= WHAT IS NEEDED =
Retype the data below exactly; skip every image.

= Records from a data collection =
------------------------------------------------------------------------

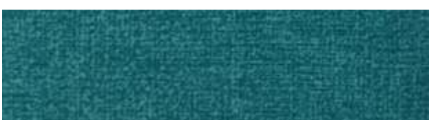
MUSK | 708
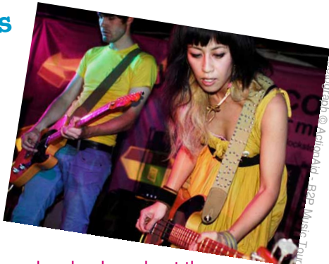
22P Music, 7, 011

Organising a gig can be great fun. Scout out your local talent and talk to your favourite venue to get things started! Mix it up with a battle of the bands at college or work!
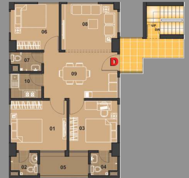
typical floor plan
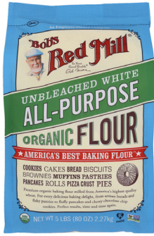
Bob's Red Mill Organic Flour (selected varieties)
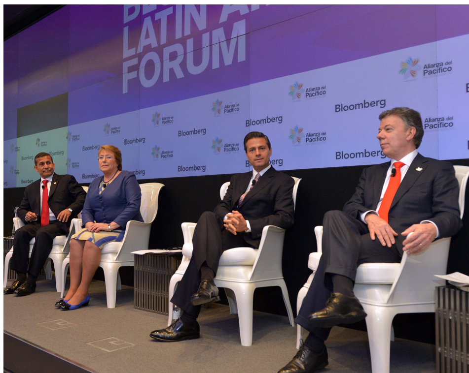
▲ Private sector involvement is essential to fostering commerce among the four countries. Here, Presidents Humala, Bachelet, Peña Nieto, and Santos (left to right) discuss priorities at a 2014 business summit.

In Latin America, the TPP will have the most tangible effects on three Alliance members: Chile, Mexico, and Peru. Yet the results may not be as immediate as some would expect. For example, as Mexico and Chile already enjoy free market access in the major economies participating in the TPP, the effects would
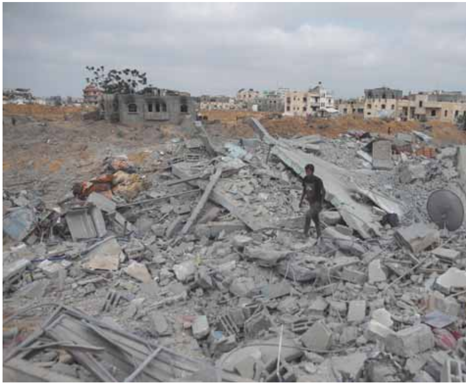
Palestinians look at the destruction after an Israeli airstrike in Khan Younis, Gaza Strip, Monday.

started more than a decade ago, but have not succeeded despite at times looking "promising". The Maldivian cabinet on Sunday also decided to appoint a special presidential envoy to identify the areas in which Palestine requires support from the Maldives and organise fundraising events to assist Palestinians through the UN Relief and Works Agency for Palestine Refugees in the Near East. The Gaza conflict began on October 7 after Hamas initiated an attack on Israel, killing over 800 and capturing 240 hostages, according to Israeli authorities. Israel launched a massive counter-offensive against the Palestinian militant group that has ruled Gaza since 2007. More than 36,000 people, including women and children, have been killed in Gaza in Israel's action, according to the Hamas-run health ministry in Gaza.
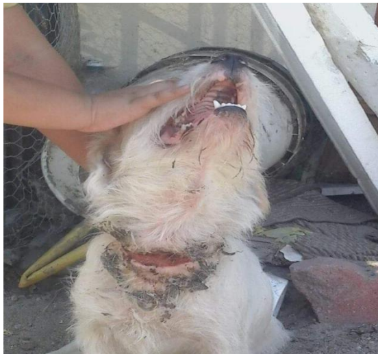
Felix found with ingrown collar and neck lesion.*
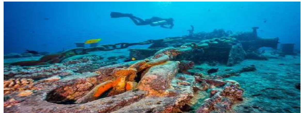
Seti Sharm Resort
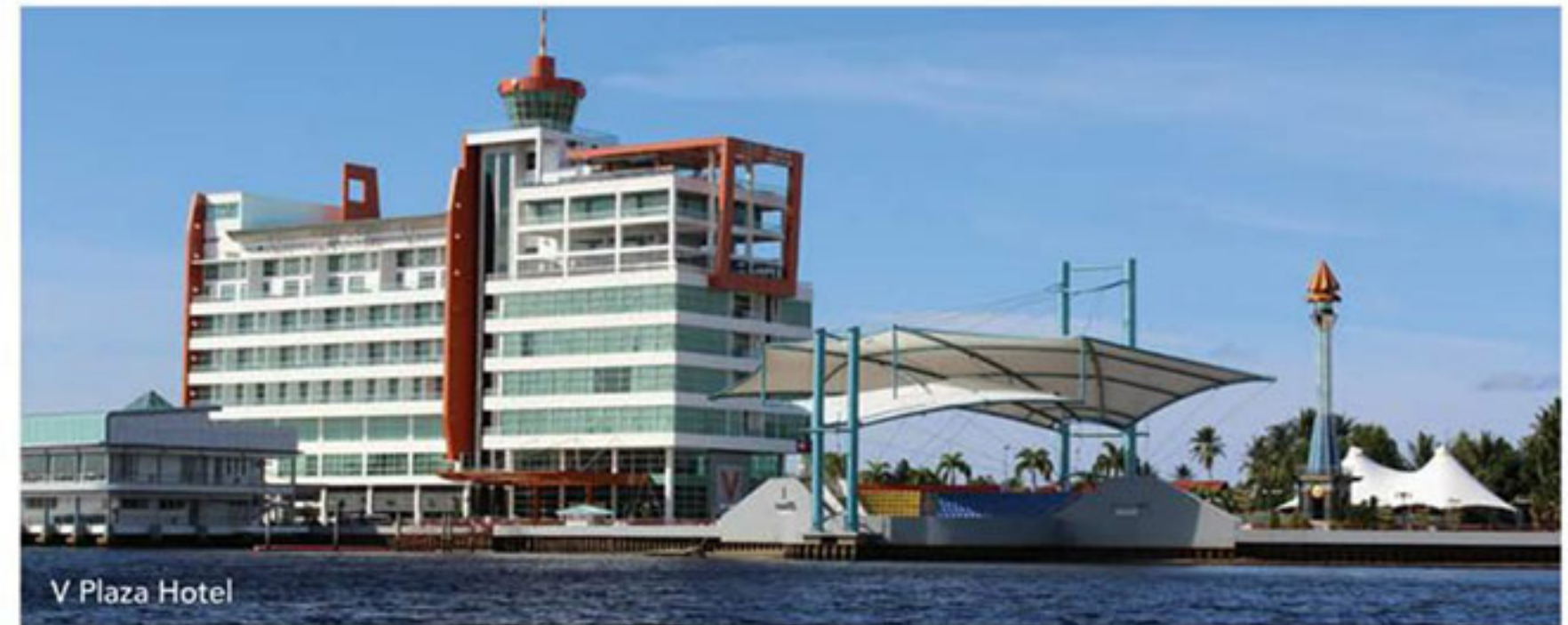
V Plaza Hotel
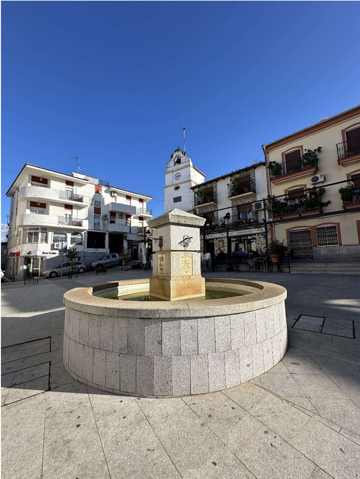
Fountain in Plaza de España in Valdecaballeros.
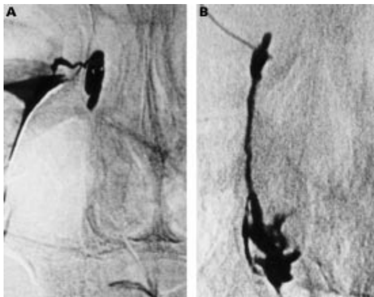
Figure 3 (A) Dacryocystogram shows the complete obstruction at the junction between lacrimal sac and nasolacrimal duct. (B) Dacryocystogram following balloon dacryocystoplasty reveals complete resolution of the obstruction site.

------------------------------------------------------------------------

= ANSWER SECTION =
MUSK | 708
22P Music, 7, 011

Organising a gig can be great fun. Scout out your local talent and talk to your favourite venue to get things started! Mix it up with a battle of the bands at college or work!
typical floor plan
Bob's Red Mill Organic Flour (selected varieties)
▲ Private sector involvement is essential to fostering commerce among the four countries. Here, Presidents Humala, Bachelet, Peña Nieto, and Santos (left to right) discuss priorities at a 2014 business summit.

In Latin America, the TPP will have the most tangible effects on three Alliance members: Chile, Mexico, and Peru. Yet the results may not be as immediate as some would expect. For example, as Mexico and Chile already enjoy free market access in the major economies participating in the TPP, the effects would
Palestinians look at the destruction after an Israeli airstrike in Khan Younis, Gaza Strip, Monday.

started more than a decade ago, but have not succeeded despite at times looking "promising". The Maldivian cabinet on Sunday also decided to appoint a special presidential envoy to identify the areas in which Palestine requires support from the Maldives and organise fundraising events to assist Palestinians through the UN Relief and Works Agency for Palestine Refugees in the Near East. The Gaza conflict began on October 7 after Hamas initiated an attack on Israel, killing over 800 and capturing 240 hostages, according to Israeli authorities. Israel launched a massive counter-offensive against the Palestinian militant group that has ruled Gaza since 2007. More than 36,000 people, including women and children, have been killed in Gaza in Israel's action, according to the Hamas-run health ministry in Gaza.
Felix found with ingrown collar and neck lesion.*
Seti Sharm Resort
V Plaza Hotel
Fountain in Plaza de España in Valdecaballeros.
Figure 3 (A) Dacryocystogram shows the complete obstruction at the junction between lacrimal sac and nasolacrimal duct. (B) Dacryocystogram following balloon dacryocystoplasty reveals complete resolution of the obstruction site.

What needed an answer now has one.